– Сам-то идти сможешь?
– Только с тобой под руку…
Фома фыркнул, я тоже, но смех дикой болью отозвался в рёбрах, и он действительно потащил меня едва ли не в обнимку. Митю и Гороха с тем же почетом и пиететом волокли следом.
Как-то не задался сегодня вечерок, не находите? Что-то часто нас стали бить, причём непонятно кто, а значит, вдвойне обидно. Нет, если это все-таки скоморохи, я завтра весь цирк повально арестую, без всякой санкции, а уж государь поучаствует от души. Доказательств нет и не будет, но и терпеть такой беспредел мы больше не намерены! Вот сейчас доковыляю до Яги, и всё ей расскажу… Она ж их всех… Размажет! Заколдует! Превратит не знаю в кого… Бабка у нас на этот счёт – ух! Ох! Ай… больно-то как… сначала дойти надо…
– Никитушка, сокол ясный! Да что ж враги злостные с тобою содеяли?! Да где ж Господь на небесах, что супротив милиции такое допускает? Да чтоб у них руки отсохли, ноги отвалились, зубы выпали, волосья перхотью изошли! Убили, избили, угробили свет очей моих, участкового-о! – вовсю голосила бабка, пока нас заносили в баню и поштучно укладывали на лавках. Там мы довольно быстро пришли в себя. Не знаю, как и чем бы лечили в московских стационарных клиниках, но здесь, в Лукошкине, всё лечится баней!
Строгий Еремеев, распорядившись усилить охрану, самолично закатал рукава и взялся за веник. Четверо стрельцов поопытнее помогали ему в этом нелёгком деле. Сначала нас по три раза окатили ледяной водой, потом пропарили, потом окатили ещё раз, но уже холодным квасом, и опять в парную. И только после этого, красных и распаренных, переодетых в чистые рубахи-подштанники, с почётом сопроводили в дом!
Яга хлопотала у стола, невозмутимый Василий по-прежнему сидел как приклеенный в её горнице, конспектируя всё, что следует. На белоснежной скатерти никаких разносолов – водка, каша, чёрный хлеб и малиновое варенье.
– А я иду по ночи, без службы, ровно бобыль неприкаянный… Думаю, повеситься али напиться с горю? Как вдруг девка молодая меня за рукав тянет, дескать, в проулке участкового бьют! Благо наряд наш стрелецкий недалече шёл, я молодцам свистнул, да и на выручку… Пока поспел, вы уж лежите все…
– Ежели б меня с заду между ног в причинное место не саданули… Ежели б они пальцы свои немытые мне в глаза не совали… Ежели б трусы исподние, красные, заграничные, на голову не надели… Ежели б…
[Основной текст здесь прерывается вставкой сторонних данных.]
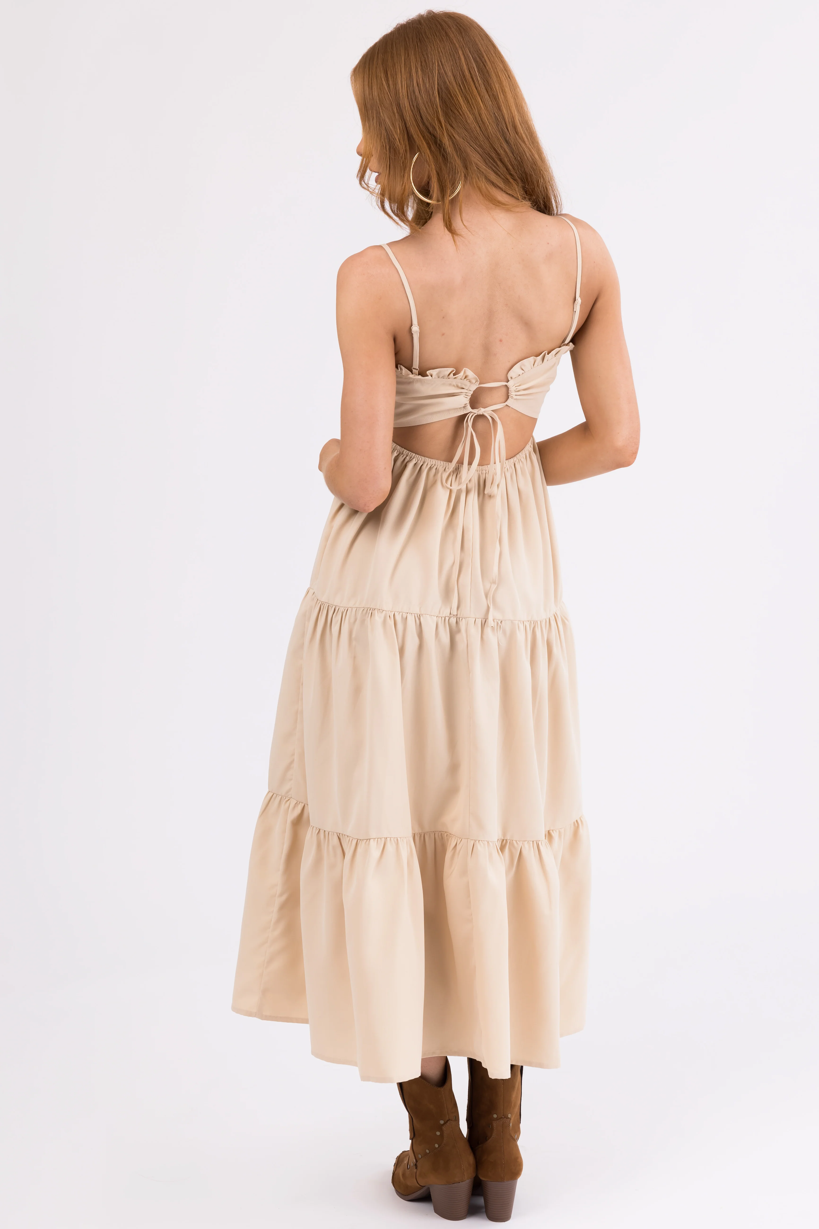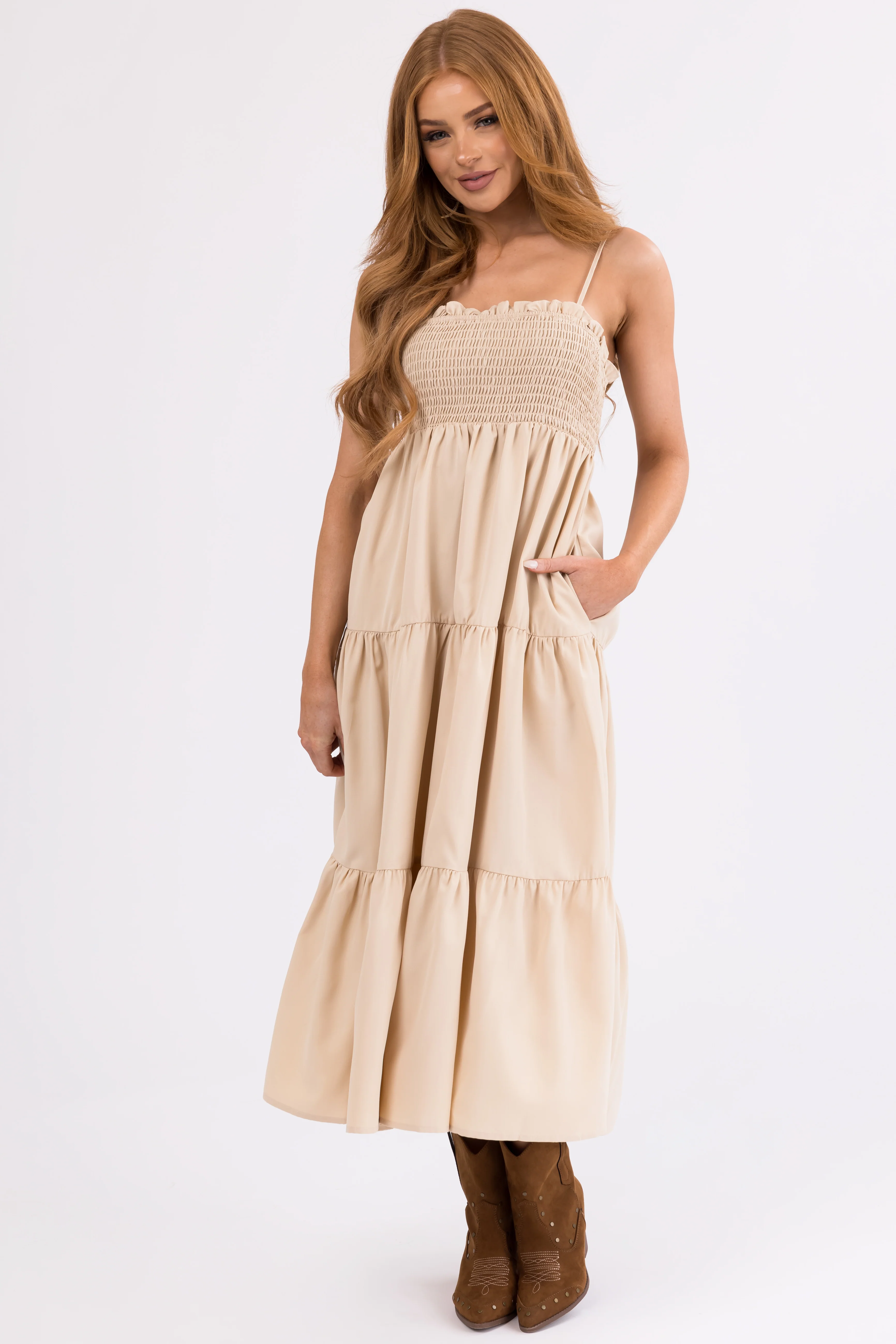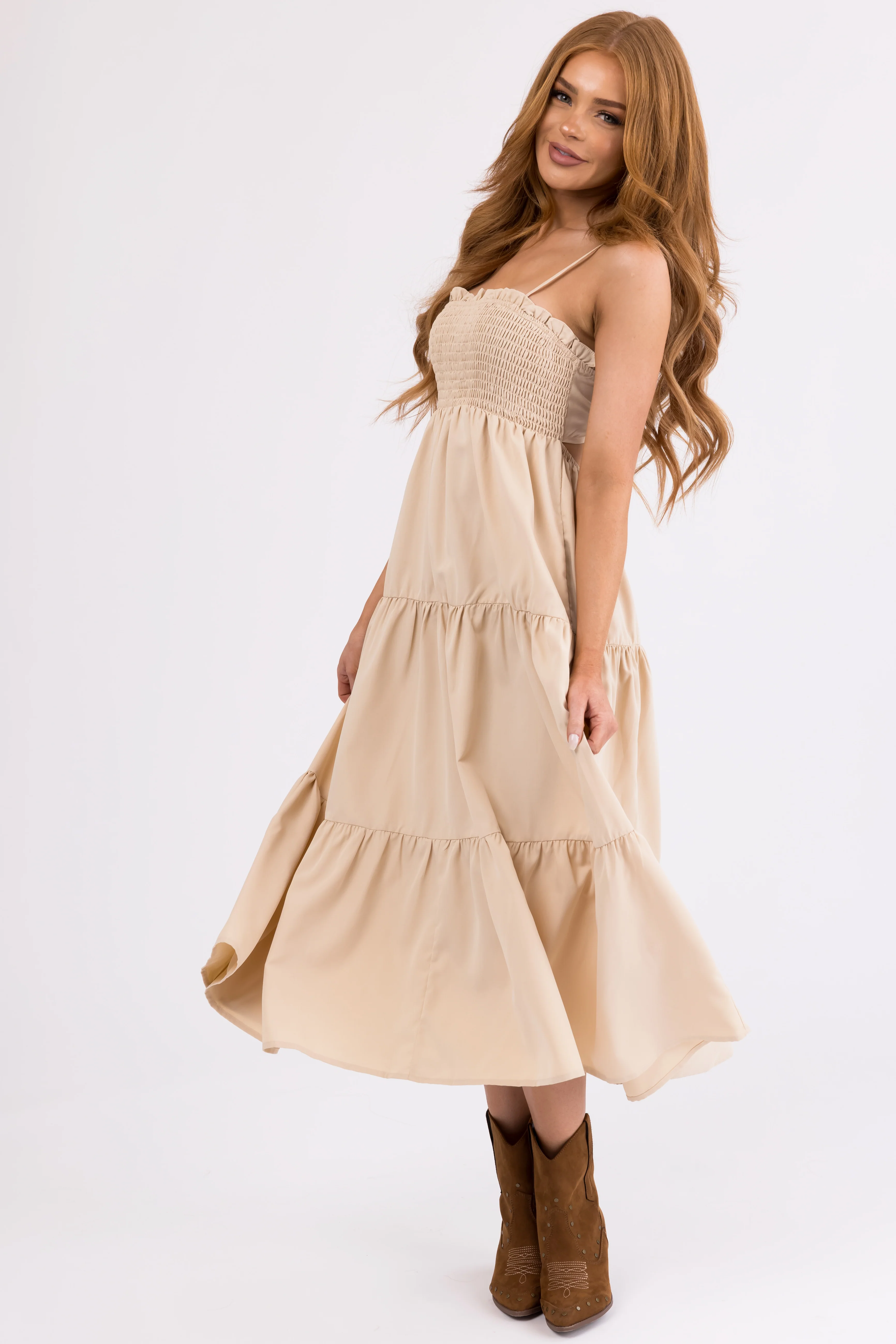Beige Smocked Tiered Sleeveless Midi Dress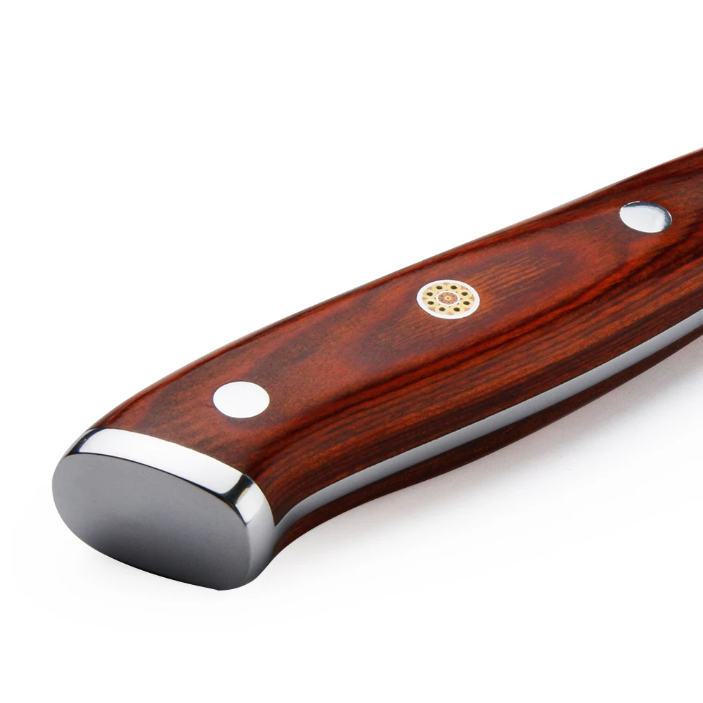 02РучкаИзготовлено из популярного красного дерева пакка, 8 мм изысканных медных гвоздей сливы в середине.Зеркальная поверхность, выглядит более красивоЭргономичная ручка, нескользящая.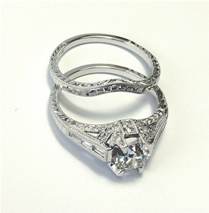 This beautiful Art-Deco mounting is crafted for an inherited grandma’s 1.24 carat old European cut diamond. Forty four round brilliant cut diamond along with six baguettes on the shoulder for total diamond weight of 0.69 carat has been masterfully set in the engagement ring. Master hand engraver has decorated the 14k white gold engagement ring and the matching band.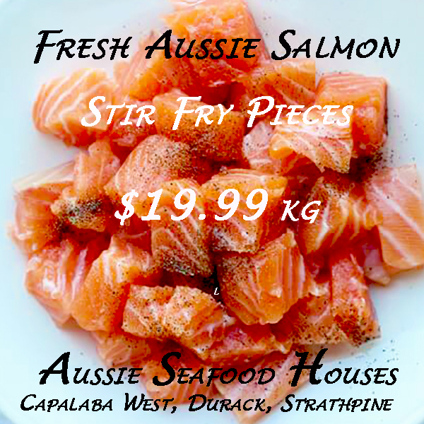 Delicious Australia Salmon from Tasmania, Cubed ready for Stir fries, Kebabs, Bbq Pieces, Risotto, the uses are endless. Ready Now at all 3 Aussie Seafood Houses .. Capalaba West, Durack, Strathpine Stores are Open 7 Days a Week .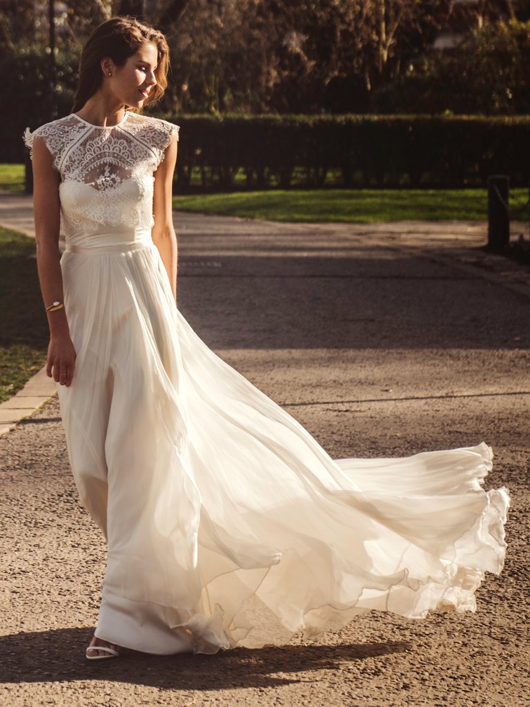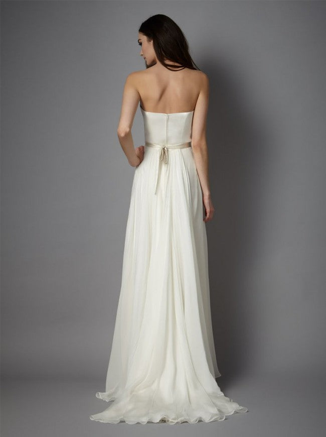 The romantic and dreamy draped silk chiffon Delia skirts naturally cascades from the fitted satin waist band to fall endlessly into a soft-pool train. Classic and timeless, let your heart run away with the most charming skirt of them all.

– Никита Иваныч, а вот ты как думаешь, они знали, что я царь?! Ить тогда ж дело не уголовное, а политическое вырисовывается. Может, за энтим из боярства кто стоит? Может, Бодров, боров брюхатый, за позор свой мне месть лелеет, бес-пре-це-дентную, во!
Я только молча кивал в ответ всем и каждому, не вдаваясь в обсуждение первопричин и подробностей. Всё произошедшее требовало обстоятельного осмысления и очень тонкого анализа. Где-то тут, вне всякого сомнения, крылась какая-то зацепка, связующая ниточка, и я никак не мог ухватить её за хвостик, хотя казалось, ещё чуть-чуть и… Вот дальше этого «и» ничего не было. Голова соображала из рук вон плохо, синяки и прочие побитости болели нещадно, а от водки перед глазами колыхался призрачный туман, в котором почему-то успешно плавали все, кроме меня.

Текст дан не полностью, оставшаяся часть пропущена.